→ How to complete this task
Reproduce, exactly and only, the lines of the data that follows from the one containing "The wrist water" down to the one containing "4R077 - Numbers", without pictures.

→ Stored data
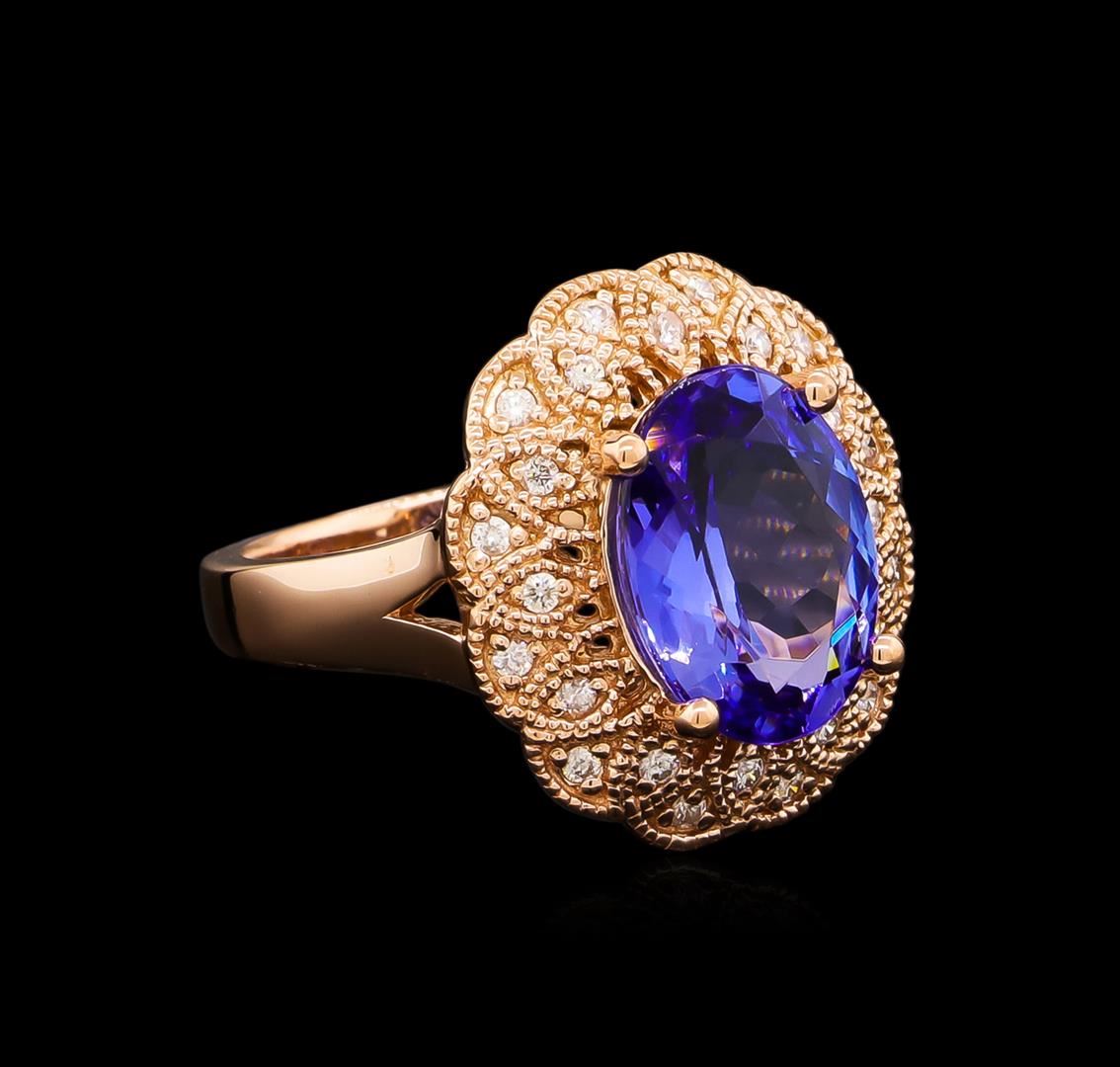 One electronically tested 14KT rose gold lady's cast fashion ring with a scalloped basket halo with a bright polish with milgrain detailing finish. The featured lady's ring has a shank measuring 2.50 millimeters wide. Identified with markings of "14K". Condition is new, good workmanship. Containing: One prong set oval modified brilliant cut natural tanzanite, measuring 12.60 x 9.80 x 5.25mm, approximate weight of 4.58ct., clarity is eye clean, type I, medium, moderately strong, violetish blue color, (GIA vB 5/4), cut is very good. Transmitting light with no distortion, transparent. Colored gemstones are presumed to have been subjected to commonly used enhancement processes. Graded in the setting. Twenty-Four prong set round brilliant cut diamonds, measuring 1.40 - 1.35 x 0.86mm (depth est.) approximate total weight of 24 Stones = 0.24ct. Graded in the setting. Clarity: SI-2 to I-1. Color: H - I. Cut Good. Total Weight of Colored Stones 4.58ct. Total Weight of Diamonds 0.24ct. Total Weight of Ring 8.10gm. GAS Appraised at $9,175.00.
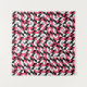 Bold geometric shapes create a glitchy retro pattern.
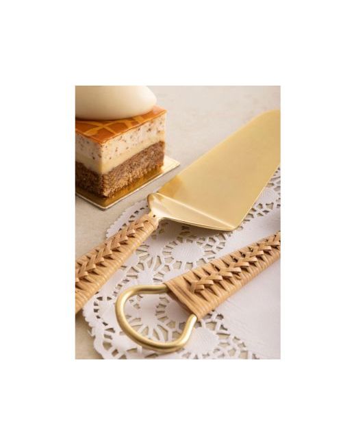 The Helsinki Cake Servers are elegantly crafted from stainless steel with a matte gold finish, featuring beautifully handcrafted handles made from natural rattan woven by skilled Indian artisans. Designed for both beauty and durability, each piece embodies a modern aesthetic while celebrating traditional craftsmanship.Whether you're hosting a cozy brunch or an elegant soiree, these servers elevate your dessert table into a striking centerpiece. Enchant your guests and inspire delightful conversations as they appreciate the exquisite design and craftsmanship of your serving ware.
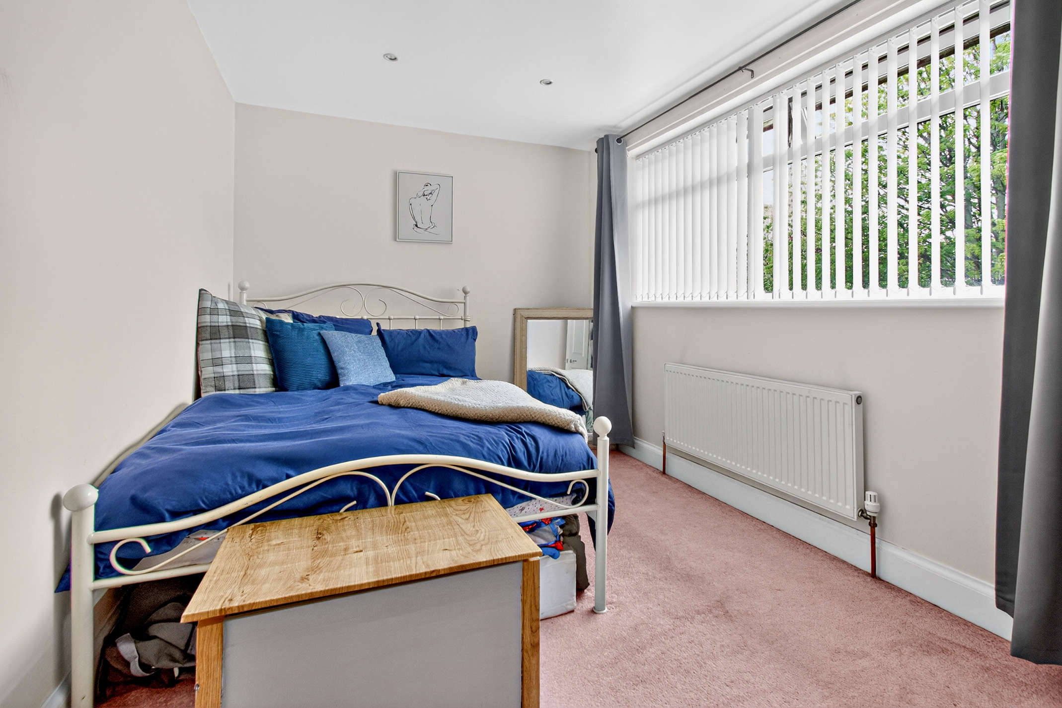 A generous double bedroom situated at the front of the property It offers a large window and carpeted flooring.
---
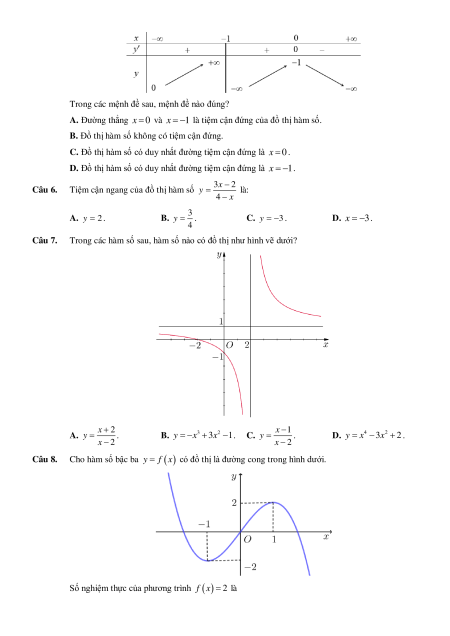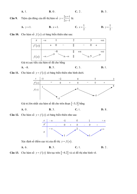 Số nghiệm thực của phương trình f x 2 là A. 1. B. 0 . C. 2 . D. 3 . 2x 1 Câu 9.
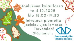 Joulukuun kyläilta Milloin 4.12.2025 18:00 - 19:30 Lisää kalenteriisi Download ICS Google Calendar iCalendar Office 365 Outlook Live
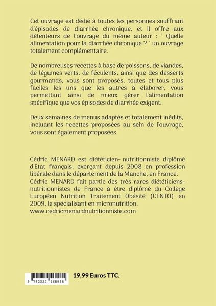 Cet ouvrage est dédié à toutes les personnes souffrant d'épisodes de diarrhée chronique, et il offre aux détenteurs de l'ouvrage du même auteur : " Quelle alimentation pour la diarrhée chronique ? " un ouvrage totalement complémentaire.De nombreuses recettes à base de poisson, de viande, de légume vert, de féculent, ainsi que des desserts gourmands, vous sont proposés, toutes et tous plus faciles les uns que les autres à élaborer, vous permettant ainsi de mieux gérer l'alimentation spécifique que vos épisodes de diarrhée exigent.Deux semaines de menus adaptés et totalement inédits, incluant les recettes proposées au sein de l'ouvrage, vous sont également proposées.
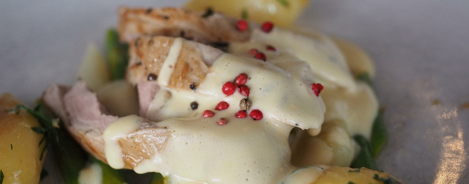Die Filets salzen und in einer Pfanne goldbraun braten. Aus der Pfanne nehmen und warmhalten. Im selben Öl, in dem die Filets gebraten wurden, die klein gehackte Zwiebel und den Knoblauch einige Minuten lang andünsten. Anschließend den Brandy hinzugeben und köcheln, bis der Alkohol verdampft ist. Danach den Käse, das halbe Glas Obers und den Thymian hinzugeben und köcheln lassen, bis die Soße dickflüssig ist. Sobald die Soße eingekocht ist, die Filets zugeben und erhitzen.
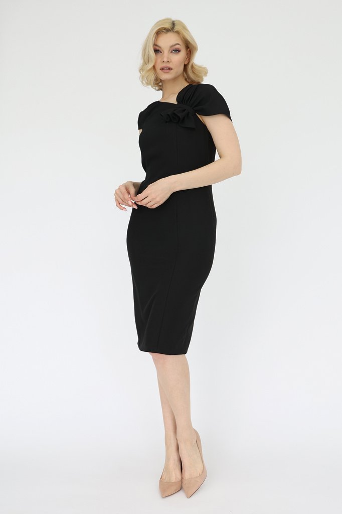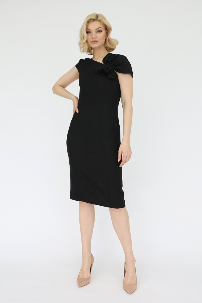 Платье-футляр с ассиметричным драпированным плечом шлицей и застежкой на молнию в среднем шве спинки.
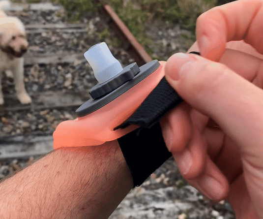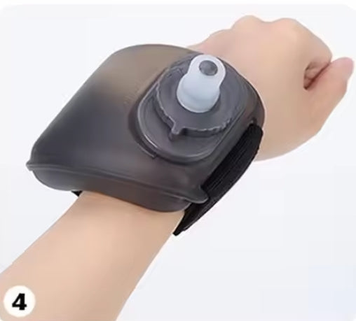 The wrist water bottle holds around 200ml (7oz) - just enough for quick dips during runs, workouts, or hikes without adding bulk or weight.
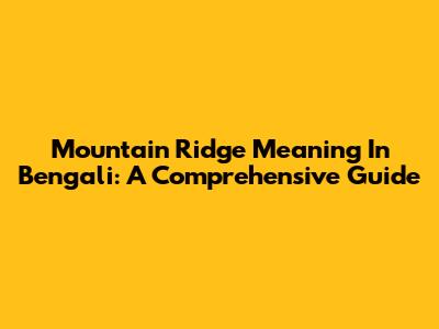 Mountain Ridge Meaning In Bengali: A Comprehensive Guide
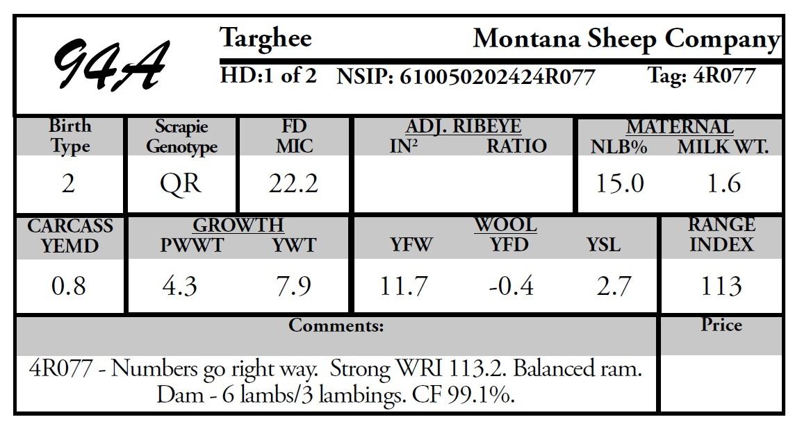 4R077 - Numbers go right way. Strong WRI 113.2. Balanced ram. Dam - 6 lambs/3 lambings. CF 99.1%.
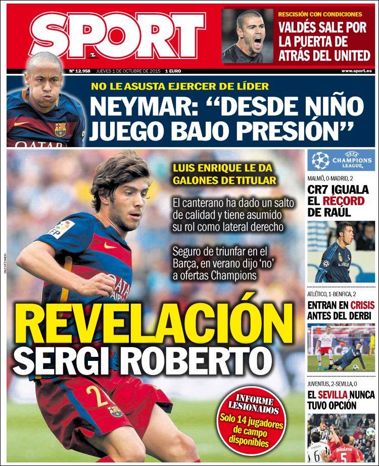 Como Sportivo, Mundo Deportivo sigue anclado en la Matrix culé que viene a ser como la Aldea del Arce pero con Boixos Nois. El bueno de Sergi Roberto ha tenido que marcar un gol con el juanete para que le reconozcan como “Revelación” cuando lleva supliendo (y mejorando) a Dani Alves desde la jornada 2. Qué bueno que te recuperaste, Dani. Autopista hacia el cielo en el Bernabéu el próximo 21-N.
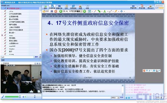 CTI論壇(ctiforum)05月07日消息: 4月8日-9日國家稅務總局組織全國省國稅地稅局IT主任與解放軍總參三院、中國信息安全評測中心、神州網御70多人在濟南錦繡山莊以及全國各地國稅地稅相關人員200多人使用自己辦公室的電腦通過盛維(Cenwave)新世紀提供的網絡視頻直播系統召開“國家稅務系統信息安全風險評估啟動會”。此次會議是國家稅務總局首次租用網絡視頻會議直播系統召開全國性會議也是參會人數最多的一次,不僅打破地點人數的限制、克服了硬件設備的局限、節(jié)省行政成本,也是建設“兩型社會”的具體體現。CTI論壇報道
* * *
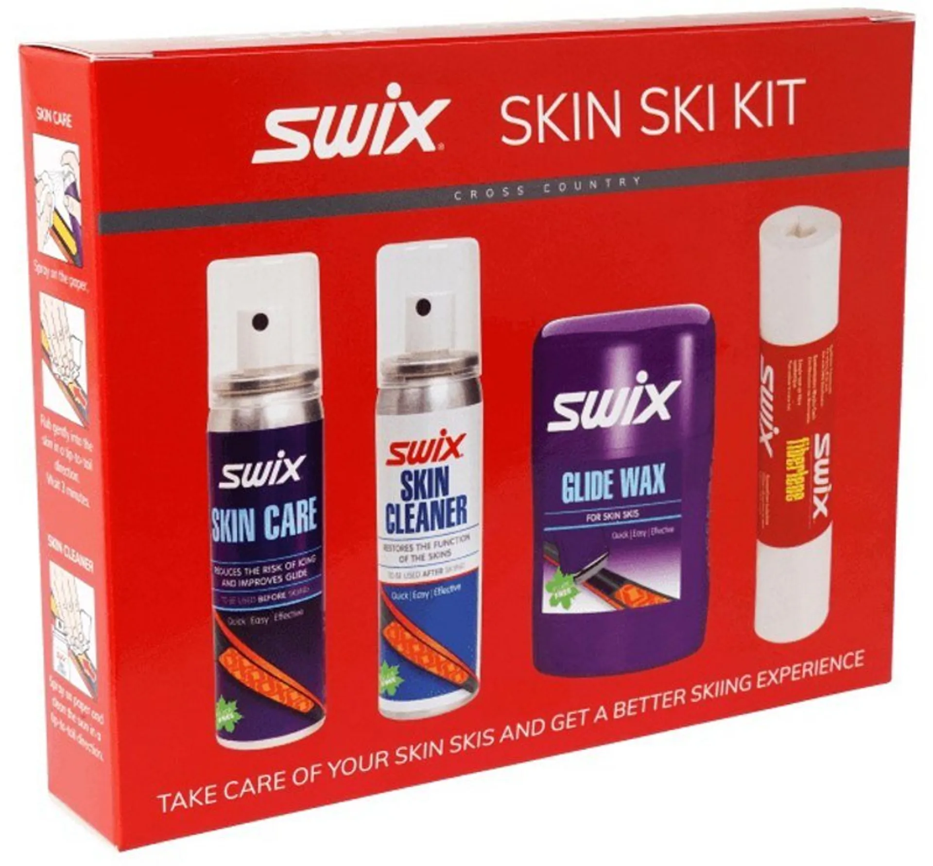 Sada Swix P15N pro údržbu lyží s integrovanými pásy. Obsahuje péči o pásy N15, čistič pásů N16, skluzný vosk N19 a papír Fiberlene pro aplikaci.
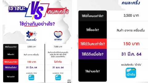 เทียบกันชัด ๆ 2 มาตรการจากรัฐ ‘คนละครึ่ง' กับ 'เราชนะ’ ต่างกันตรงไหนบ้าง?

→ Solution to this problem
 The wrist water bottle holds around 200ml (7oz) - just enough for quick dips during runs, workouts, or hikes without adding bulk or weight.
 Mountain Ridge Meaning In Bengali: A Comprehensive Guide
 4R077 - Numbers go right way. Strong WRI 113.2. Balanced ram. Dam - 6 lambs/3 lambings. CF 99.1%.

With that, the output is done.